The relationship between glucocorticoid biopotency and receptor binding in the AtT-20 cell.

Abstract

The AtT-20 cell is a commonly used model for investigations of glucocorticoid agonist action. As yet, however, no reports quantify the relationship between the magnitude of agonist binding to the intact cell's glucocorticoid receptor and the magnitude of response to agonists. Because this correlation may illuminate the molecular mechanism of hormone action, the abilities of triamcinolone acetonide, dexamethasone, and corticosterone to inhibit the AtT-20 cell's production of ACTH were determined and compared with their binding affinities for the intact cell's glucocorticoid receptor. Both variables were assayed under similar conditions. Each of the three steroids caused a dose-dependent suppression of ACTH production.
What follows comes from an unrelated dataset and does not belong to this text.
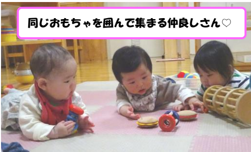
同じおもちゃを囲んで集まる仲良しさん♡

To compare the potencies of the three, the concentration of agonist that caused a 50% reduction in ACTH secretion was determined and was found to be 0.12 nM for triamcinolone acetonide, 0.58 nM for dexamethasone, and 4.8 nM for corticosterone. The affinities of these steroids for the intact cell's glucocorticoid receptor were determined by Scatchard analysis. The Kd values were 3.4 nM for triamcinolone acetonide, 8.5 nM for dexamethasone, and 51 nM for corticosterone. Comparison of the biopotency and binding data suggests that the agonists are more potent than one would predict from the binding studies and that only a fraction of the cell's receptors need be filled for the agonist to be fully active. Control studies showed that this quantitative discrepancy between steroid binding and biopotency was not caused by misdilution of steroids, steroid metabolism, or steroid-binding components in serum. Thus, this discrepancy leads to the conclusion that the AtT-20 cell has a large number of "spare" glucocorticoid receptors.